GOVERNMENT

City of Topeka to offer free vinyl siding removal workshop

Tim Hrenchir
threnchir@cjonline.com
Former PBS TV show host Bob Yapp, who is shown here putting on a workshop last November for Topeka's city government, on Friday and Saturday will teach a free public vinyl siding removal workshop being sponsored by the city's planning department. [City of Topeka]

Former PBS TV show host Bob Yapp on Friday evening and during the day Saturday will teach a free public vinyl siding removal workshop being sponsored by the city of Topeka's planning department.

Molly Hadfield, media relations coordinator for Topeka's city government, said the workshop is important because it helps lay the ground-level work that is necessary for the city to establish an area as a Garlinghouse Show Homes National Historic District.

"We had this area surveyed in 2016, and it was recommended as a potential historic district," she said. "However, the survey documented there was too much vinyl siding for the collective district to qualify. That’s what this project seeks to fix. Over the next several years, we’ll remove the vinyl siding from a few homes until we reach that magic number where the district does qualify for nomination."

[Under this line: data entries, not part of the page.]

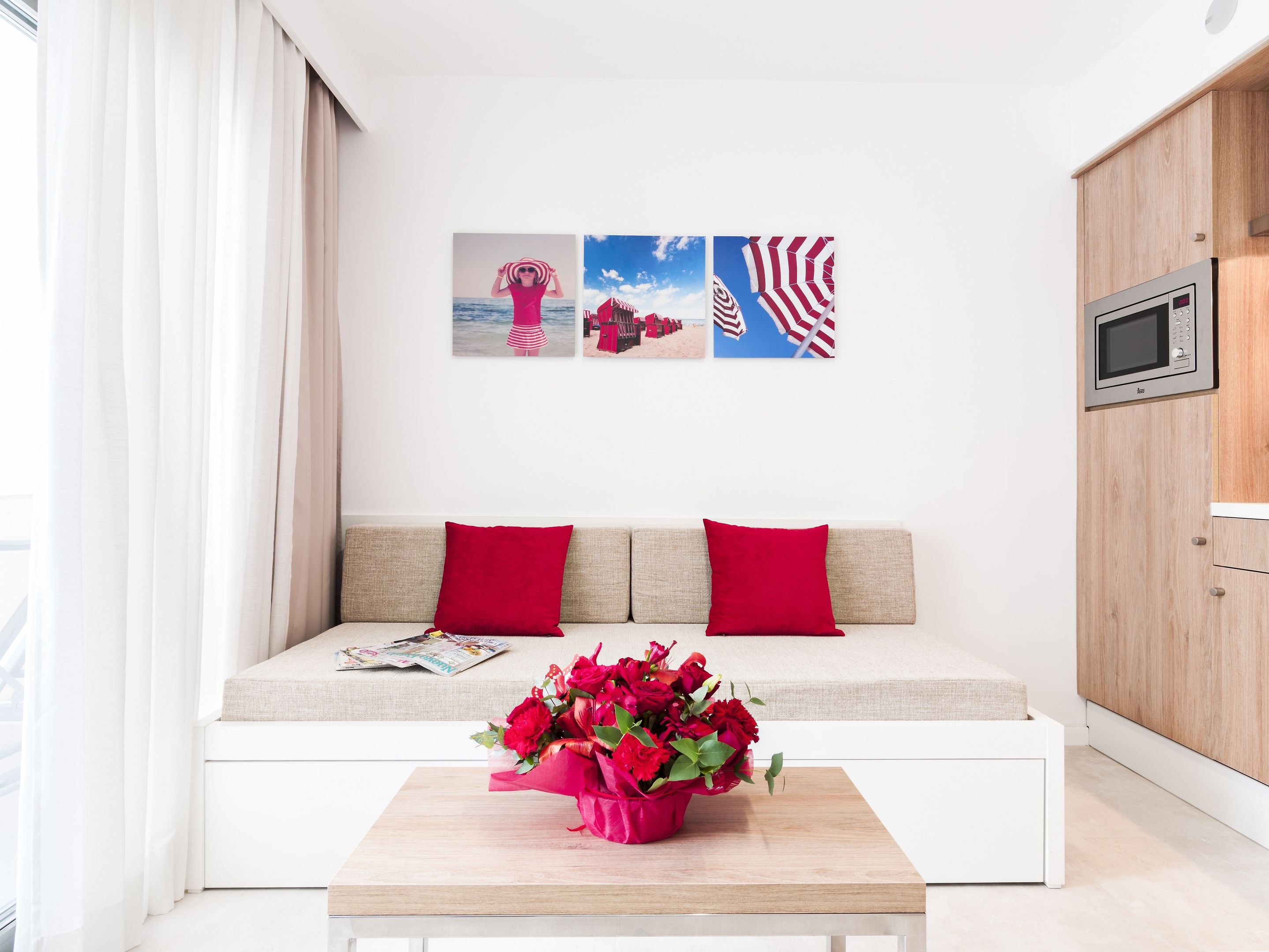 Air conditioning and central heating ensure that rooms maintain comfortable temperatures. A balcony is included as a standard feature in some rooms. Guests may securely store their valuables in a safe. For self-catering guests, there is a well-equipped kitchenette with a refrigerator, mini fridge, microwave and tea/coffee station. Internet access, a direct dial telephone and a television with satellite/cable channels provide all the essentials for a comfortable vacation. Bathrooms are equipped with a shower and a bathtub, as well as a hairdryer. Guests can also reserve wheelchair-friendly rooms with wheelchair-accessible bathrooms.
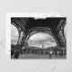 I berömden Eiffel torn visas det underbara antalet besökare på ikonen. Under sitt stål ram har detta vykort ett svartvitt foto av hundratals besökare.
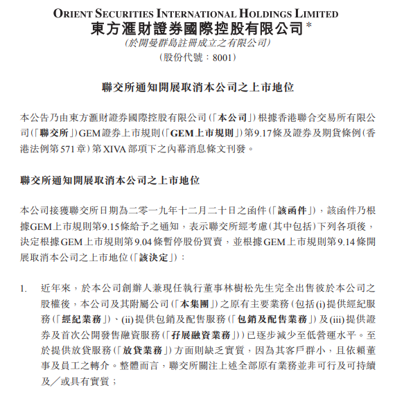 而在去年底,东方汇财证券曾接获联交所通知取消公司上市地位。
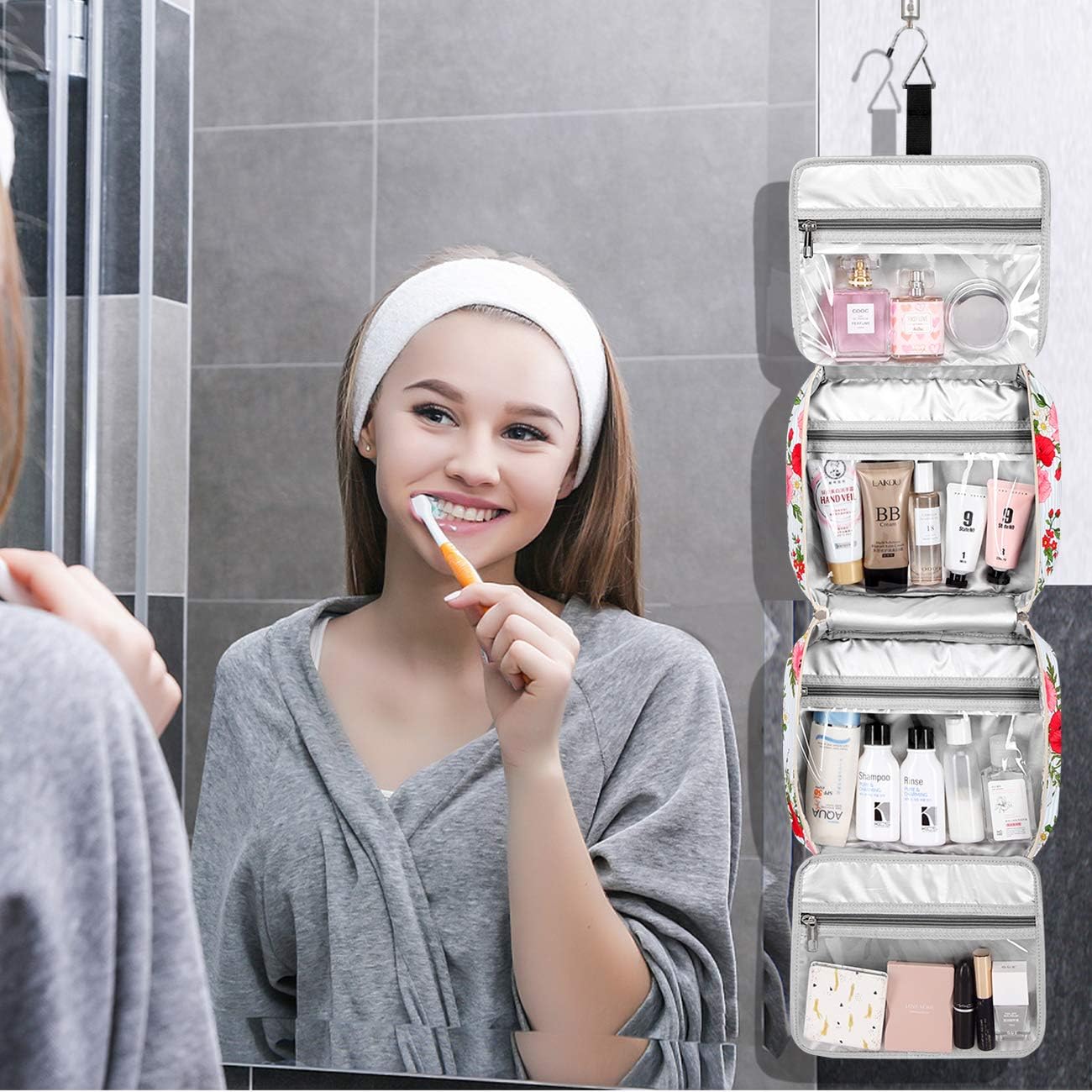 Hanging Travel Toiletry Bag,Large Capacity Cosmetic Travel Toiletry Organizer for Women with 4 Compartments & 1 Sturdy Hook,Perfect for Travel/Daily Use/Christmas

Hadfield said Yapp will make a presentation at 6:30 p.m. Friday in the Edgewood Park Shelter House near S.W. 2nd and The Drive about the fallacies of vinyl siding, and how owners can using paint to preserve their homes in better condition.

Beginning at 8 a.m. Saturday, Hadfield said, city employees and volunteers will gather at the Garlinghouse home at 216 S.W. The Drive to begin removing the building's vinyl siding to reveal its original wood siding beneath. Afterward, Yapp will explain proper finishing techniques to prep the underlying wood siding for paint.

Yapp was host from 1996 to 2001 of the weekly PBS TV program “About Your House with Bob Yapp.”

Since 2008, he has operated the Belvedere School for Historic Preservation in Hannibal, Mo., which teaches students to become artisans in the preservation trades.

Yapp is also president of Preservation Resources Inc., a historic preservation consulting firm. He has traveled across the nation more than 20 years providing historic preservation training and “learning by doing” workshops.